== EXTRACTED INFORMATION

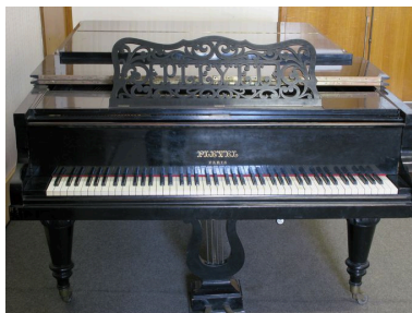
Vue générale IVR31_20126201610NUCA
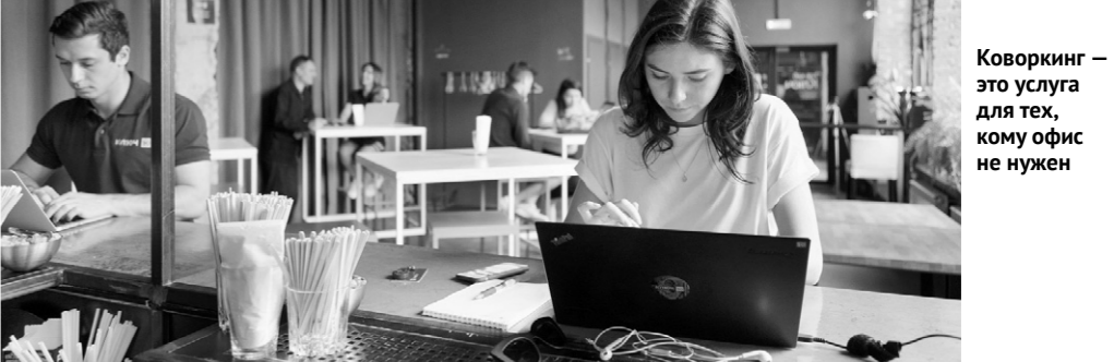
Коворкинг — это услуга для тех, кому офис не нужен
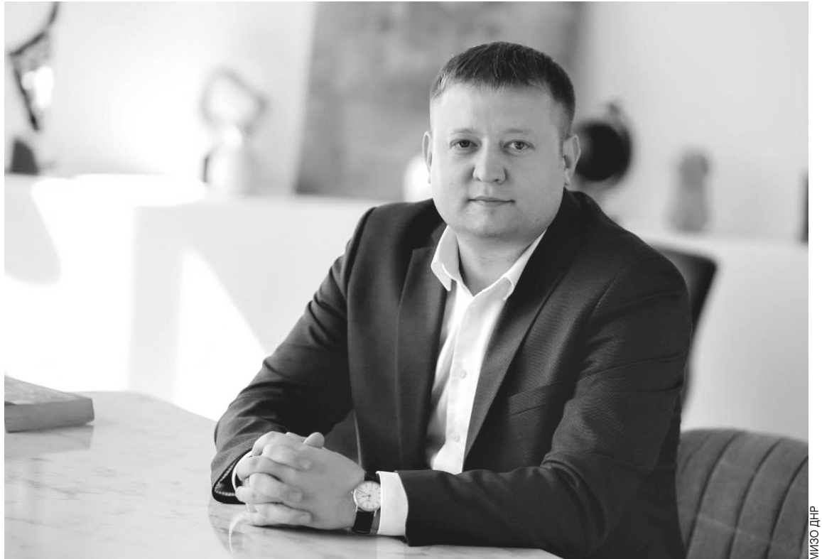
■ Александр Дудник: «Наша задача – превратить земельные ресурсы Донбасса в драйвер экономического роста»

ДОНБАССКАЯ ЗЕМЛЯ СЕЙЧАС В ОДНОМ РЯДУ С САМЫМИ ЦЕННЫМИ РЕСУРСАМИ НАШЕГО КРАЯ – УГЛЁМ И МЕТАЛЛОМ. ЭТО НЕДООЦЕНЁННЫЙ ДРАЙВЕР ВОЗРОЖДЕНИЯ ДНР. «ЗЕМЕЛЬНАЯ ЛИХОРАДКА» И РАЗГРАБЛЕНИЯ ПРИ УКРАИНЕ ЗАКОНЧИЛИСЬ, ТЕПЕРЬ КАЖДЫЙ МЕТР НА УЧЁТЕ В ЕДИНОЙ БАЗЕ. КАК СОХРАНИТЬ СВОЁ ИМУЩЕСТВО, ПРАВИЛЬНО ОФОРМИТЬ НОВОЕ И ГДЕ ЗОЛОТАЯ ЖИЛА ДЛЯ РАЗВИТИЯ БИЗНЕСА? НЮАНСЫ ПЕРЕХОДНОГО ПЕРИОДА НА РОССИЙСКОЕ ЗАКОНОДАТЕЛЬСТВО МЫ РАЗОБРАЛИ С И. О. МИНИСТРА ИМУЩЕСТВЕННЫХ И ЗЕМЕЛЬНЫХ ОТНОШЕНИЙ ДНР АЛЕКСАНДРОМ ДУДНИКОМ
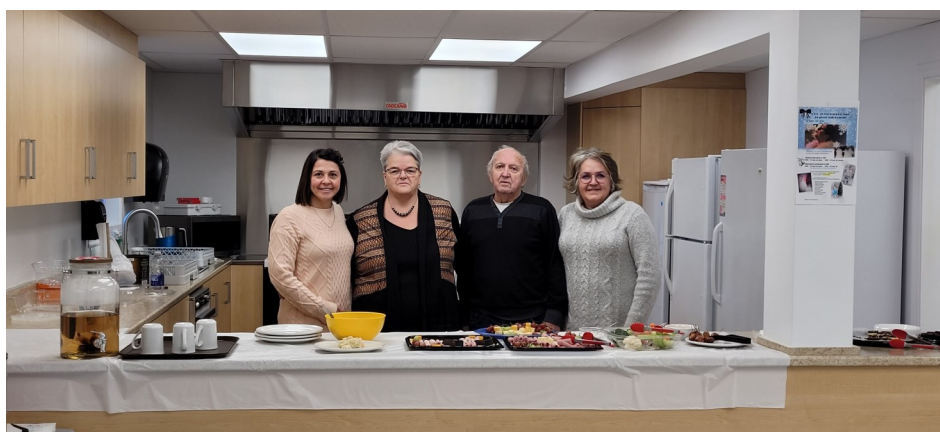
Inauguration de la nouvelle cuisine du Centre communautaire des aînés de Ragueneau
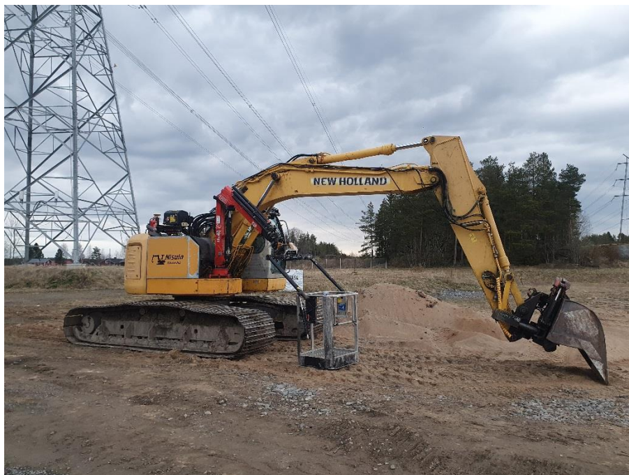
KUVA 4. Purkutöissä käytetty kaivinkone ja henkilönostin
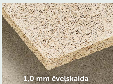
1,0 mm ēvelškaida
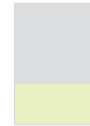
1|3 Seite quer *230 × 95 mm **197 × 85 mm
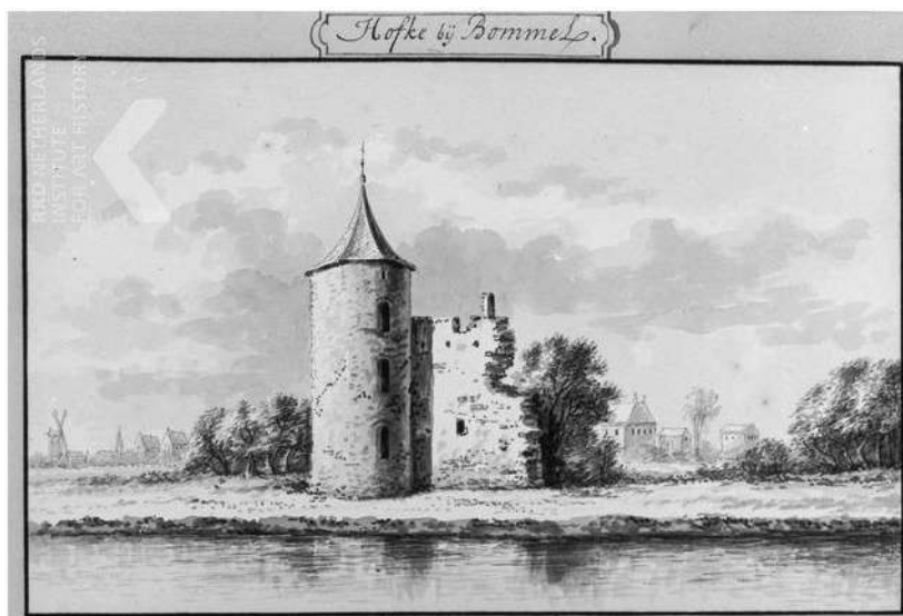
Waarschijnlijk ruïne van het Hof bij Maasbommel Abraham Rademaker, dat. 1718-1730
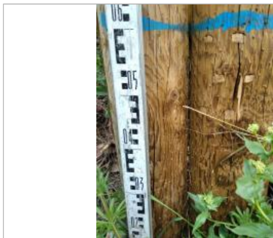
Trace sur le pylône
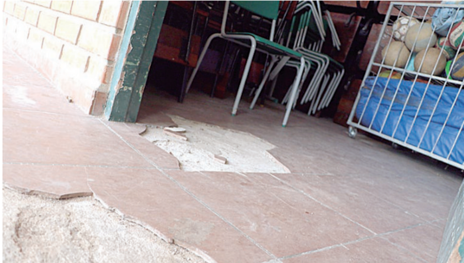
Hay pisos que están deteriorados y piden que la Alcaldía haga los arreglos
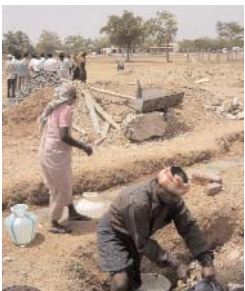
Au premier plan, construction d'un nouveau bâtiment à Karur ; au loin, 3 premières salles de classes ont vu le jour

- Evaluer l'avancée du programme de construction d'une école à Karur, dont la phase 1 est terminée : 93 élèves ont pu effectuer leur rentrée au sein des 3 niveaux de primaires ouverts.
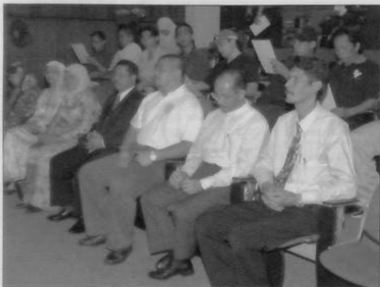
PENGARAH Belia dan Sukan dan lain-lain pegawai serta para belia yang menyertai Program BA'ATH Siri Pertama.
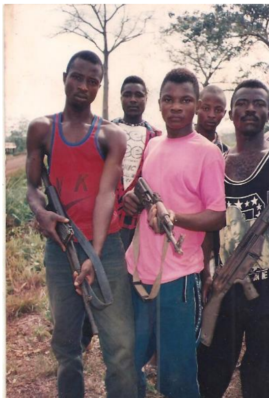
Figura 8. (Abajo-izquierda). Rebeldes del R.U.F. en su campo de entrenamiento en Zogoda.
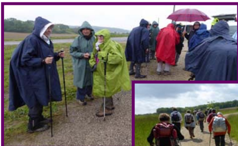
Après la pluie vient le beau temps
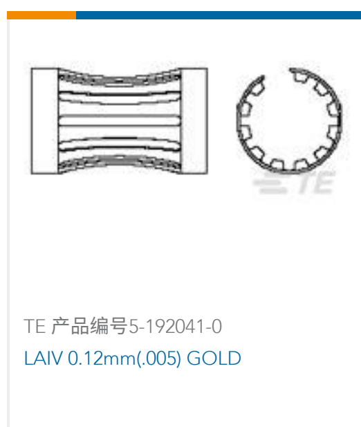
TE 产品编号5-192041-0 LAIV 0.12mm(.005) GOLD
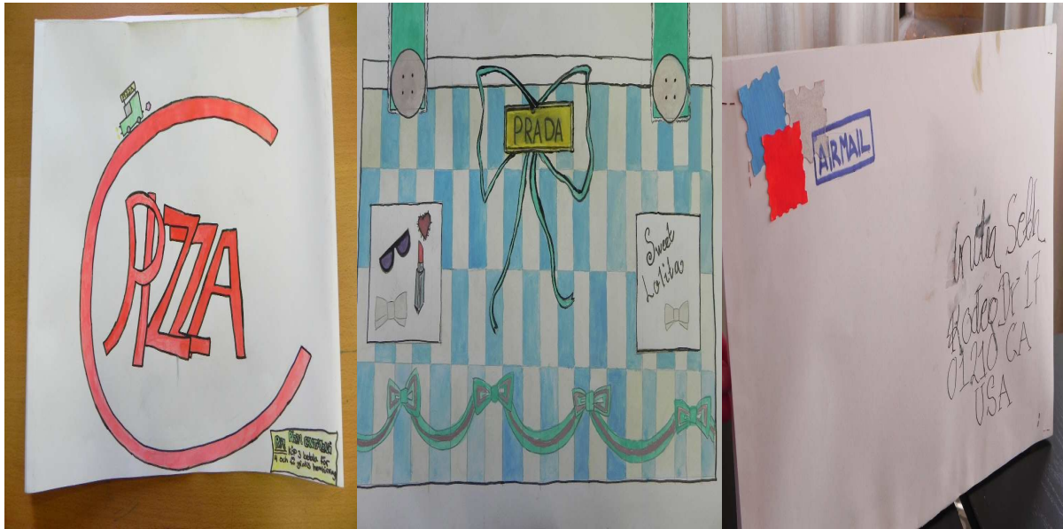
Bildmappar Egen väskdesign År 6-9
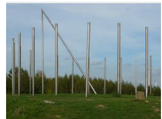
Afbeeldingen Haldekunst :

http://www.ruhrgebiet-industriekultur.de/halden.htm
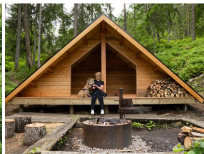
Nya vindskyddet Strömmarna
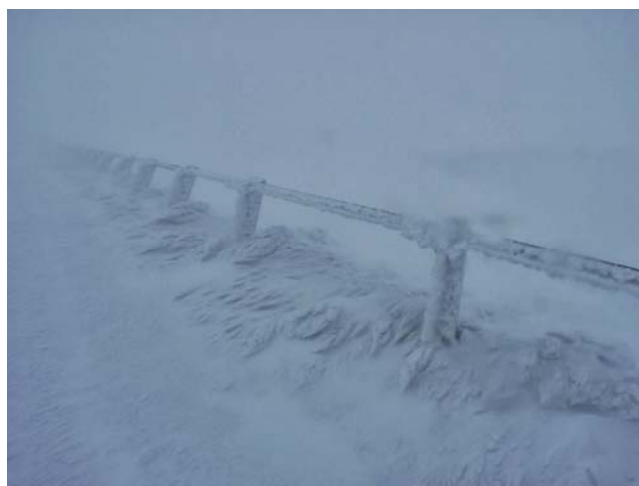
az út széle

Jó tempóban haladtak, hamar felmelegedtem tőle, és jól is esett. Egészen a térkép által szilárd burkolatúnak jelezett útig haladtunk nyomukban, ott viszont megálltunk tanakodni egyet, ők pedig tovább-baktattak toronyiránt a csúcs felé.
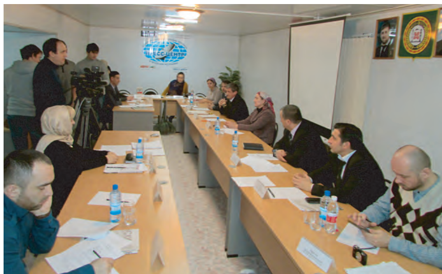
В офисе Уполномоченного проходит круглый стол, посвященный становлению гражданского общества в Чеченской Республике
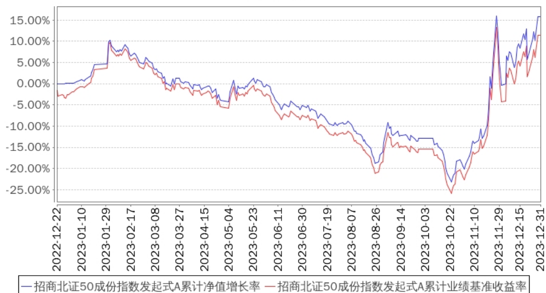
招商北证50成份指数发起式A累计净值增长率与同期业绩比较基准收益率的历史走势对比图
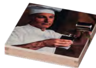
Flachdeckelkiste, Buche | Pappelsperrholz, Digitaldruck Flat lid box, beech | poplar plywood, digital printing
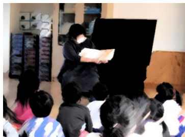
お話してくてくの皆様によるお話会

====

■ **EXERCISE**
The preceding entries are to be returned verbatim, with every picture excluded.

■ **SOLUTION TO THIS PROBLEM**
Vue générale IVR31_20126201610NUCA
Коворкинг — это услуга для тех, кому офис не нужен
■ Александр Дудник: «Наша задача – превратить земельные ресурсы Донбасса в драйвер экономического роста»

ДОНБАССКАЯ ЗЕМЛЯ СЕЙЧАС В ОДНОМ РЯДУ С САМЫМИ ЦЕННЫМИ РЕСУРСАМИ НАШЕГО КРАЯ – УГЛЁМ И МЕТАЛЛОМ. ЭТО НЕДООЦЕНЁННЫЙ ДРАЙВЕР ВОЗРОЖДЕНИЯ ДНР. «ЗЕМЕЛЬНАЯ ЛИХОРАДКА» И РАЗГРАБЛЕНИЯ ПРИ УКРАИНЕ ЗАКОНЧИЛИСЬ, ТЕПЕРЬ КАЖДЫЙ МЕТР НА УЧЁТЕ В ЕДИНОЙ БАЗЕ. КАК СОХРАНИТЬ СВОЁ ИМУЩЕСТВО, ПРАВИЛЬНО ОФОРМИТЬ НОВОЕ И ГДЕ ЗОЛОТАЯ ЖИЛА ДЛЯ РАЗВИТИЯ БИЗНЕСА? НЮАНСЫ ПЕРЕХОДНОГО ПЕРИОДА НА РОССИЙСКОЕ ЗАКОНОДАТЕЛЬСТВО МЫ РАЗОБРАЛИ С И. О. МИНИСТРА ИМУЩЕСТВЕННЫХ И ЗЕМЕЛЬНЫХ ОТНОШЕНИЙ ДНР АЛЕКСАНДРОМ ДУДНИКОМ
Inauguration de la nouvelle cuisine du Centre communautaire des aînés de Ragueneau
KUVA 4. Purkutöissä käytetty kaivinkone ja henkilönostin
1,0 mm ēvelškaida
1|3 Seite quer *230 × 95 mm **197 × 85 mm
Waarschijnlijk ruïne van het Hof bij Maasbommel Abraham Rademaker, dat. 1718-1730
Trace sur le pylône
Hay pisos que están deteriorados y piden que la Alcaldía haga los arreglos
Au premier plan, construction d'un nouveau bâtiment à Karur ; au loin, 3 premières salles de classes ont vu le jour

- Evaluer l'avancée du programme de construction d'une école à Karur, dont la phase 1 est terminée : 93 élèves ont pu effectuer leur rentrée au sein des 3 niveaux de primaires ouverts.
PENGARAH Belia dan Sukan dan lain-lain pegawai serta para belia yang menyertai Program BA'ATH Siri Pertama.
Figura 8. (Abajo-izquierda). Rebeldes del R.U.F. en su campo de entrenamiento en Zogoda.
Après la pluie vient le beau temps
TE 产品编号5-192041-0 LAIV 0.12mm(.005) GOLD
Bildmappar Egen väskdesign År 6-9
Afbeeldingen Haldekunst :

http://www.ruhrgebiet-industriekultur.de/halden.htm
Nya vindskyddet Strömmarna
az út széle

Jó tempóban haladtak, hamar felmelegedtem tőle, és jól is esett. Egészen a térkép által szilárd burkolatúnak jelezett útig haladtunk nyomukban, ott viszont megálltunk tanakodni egyet, ők pedig tovább-baktattak toronyiránt a csúcs felé.
В офисе Уполномоченного проходит круглый стол, посвященный становлению гражданского общества в Чеченской Республике
招商北证50成份指数发起式A累计净值增长率与同期业绩比较基准收益率的历史走势对比图
Flachdeckelkiste, Buche | Pappelsperrholz, Digitaldruck Flat lid box, beech | poplar plywood, digital printing
お話してくてくの皆様によるお話会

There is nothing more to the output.